Food and Drug Administration (FDA) approved a single injection of 1000 mg of iron carboxymaltose to treat adult patients with iron deficiency anemia.
This approval will reduce the number of injections and alleviate the suffering of patients.
This article reviews the introduction of the drug, dosage, precautions, and adverse reactions, as well as the market situation in my country for iron carboxymaltose injection.
Drug introduction Carboxymaltose iron injection is a kind of intravenous iron.
It is suitable for adult patients with chronic kidney disease and iron deficiency anemia who are intolerant or not obviously non-dialysis dependent on oral iron supplementation.
It can make up for the poor absorption, slow onset and large adverse reactions of oral iron.
Clinical trials have shown that the bioavailability of carboxymaltose iron injection is between 61% and 99%, and half of the patients have an iron utilization rate of more than 91%.
In 2013, the FDA has approved Injectafer® to treat patients with iron deficiency anemia.
For adult patients over 50kg, two injections of injectafer® are required at an interval of 7 days, each injection of 750mg, for a total of 1500mg.
If the patient's body weight is less than 50kg, the injection dose is 15mg/kg.
The single treatment approved by the FDA this time is a one-time injection of 1000 mg of iron carboxymaltose, but it is only suitable for patients weighing more than 50 kg, and patients under 50 kg still need two injections.
Precautions There are reports that carboxymaltose iron injections have the risk of hypophosphatemia.
Possible risk factors include gastrointestinal diseases related to malabsorption of fat-soluble vitamins or phosphates, drugs that affect the proximal renal tubules, and hyperparathyroidism , Lack of vitamin D and malnutrition.
Therefore, it is recommended to clinically monitor the level of serum phosphorus.
Some people will experience allergic reactions.
Severe allergies can manifest as shock, hypotension, loss of consciousness or coma.
In clinical trials, 0.
1% of patients reported severe allergic events, and 1.

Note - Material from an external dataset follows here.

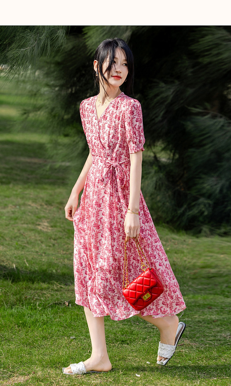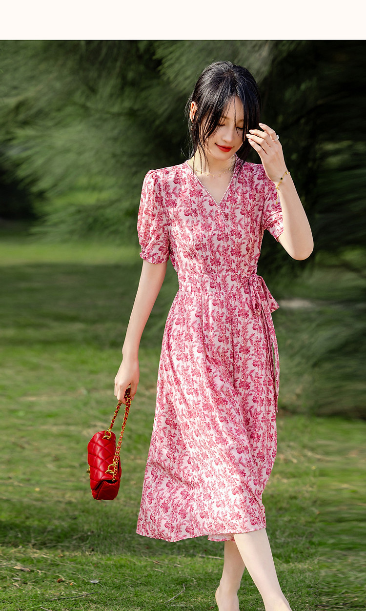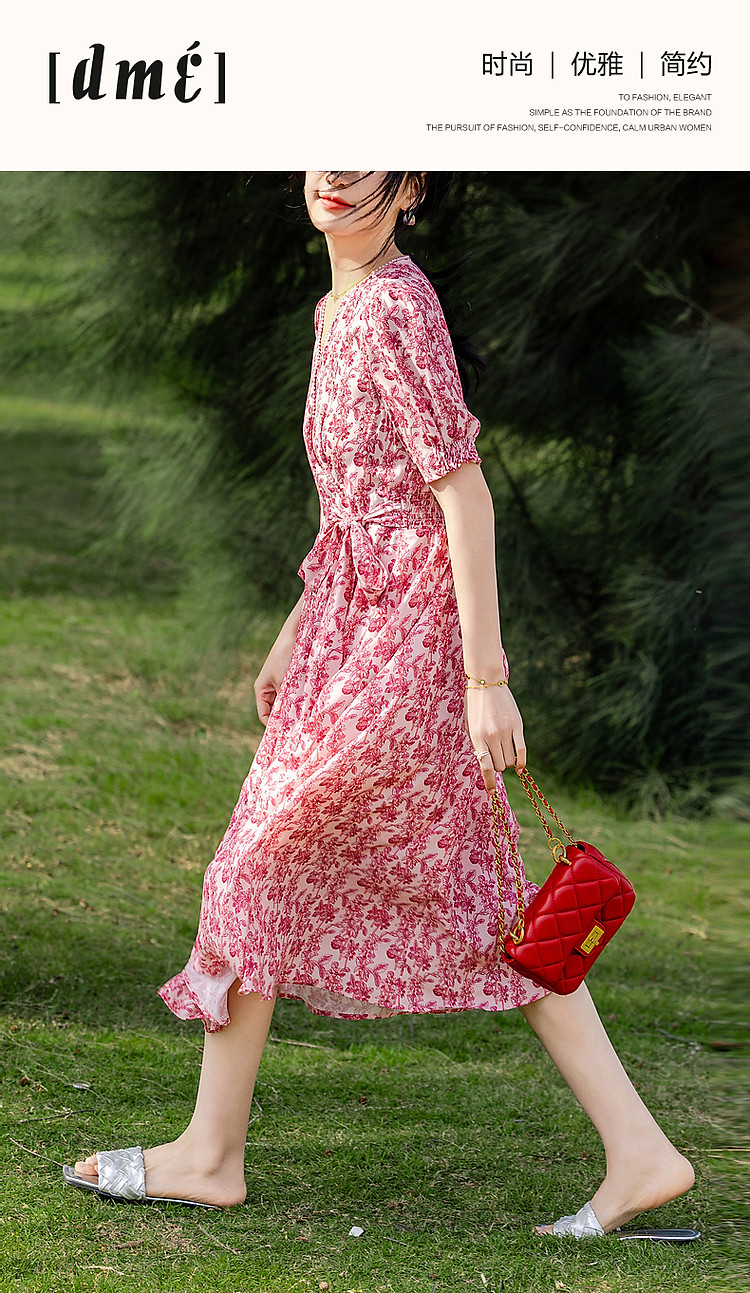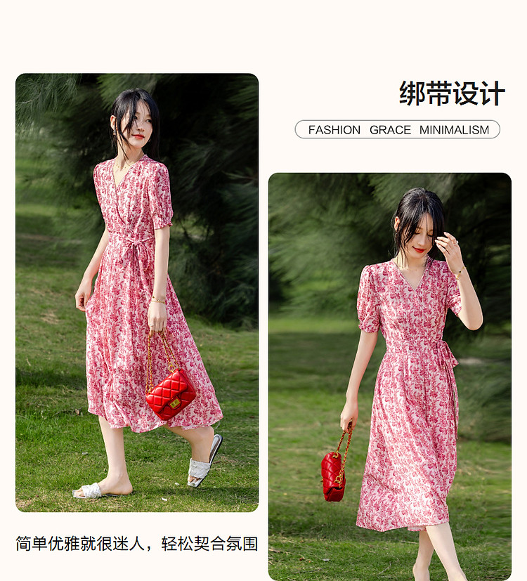 商品名称:【唯美雪纺茶歇裙】夏优雅风法式V领收腰印花珍珠链绑带连衣裙 976513

5% of patients reported other possible allergic reactions, including but not limited to itching, rash, urticaria or asthma.
Some patients have experienced high blood pressure.
Therefore, it is recommended not only to test the patient's serum iron and transferrin-bound iron, but also to pay attention to the above biochemical indicators.
Adverse reactions Adverse reactions are mainly tachycardia, chest discomfort, nausea, hypertension, injection site reactions, angioedema, urticaria, arthralgia, syncope, erythema, hypophosphatemia, dizziness and vomiting.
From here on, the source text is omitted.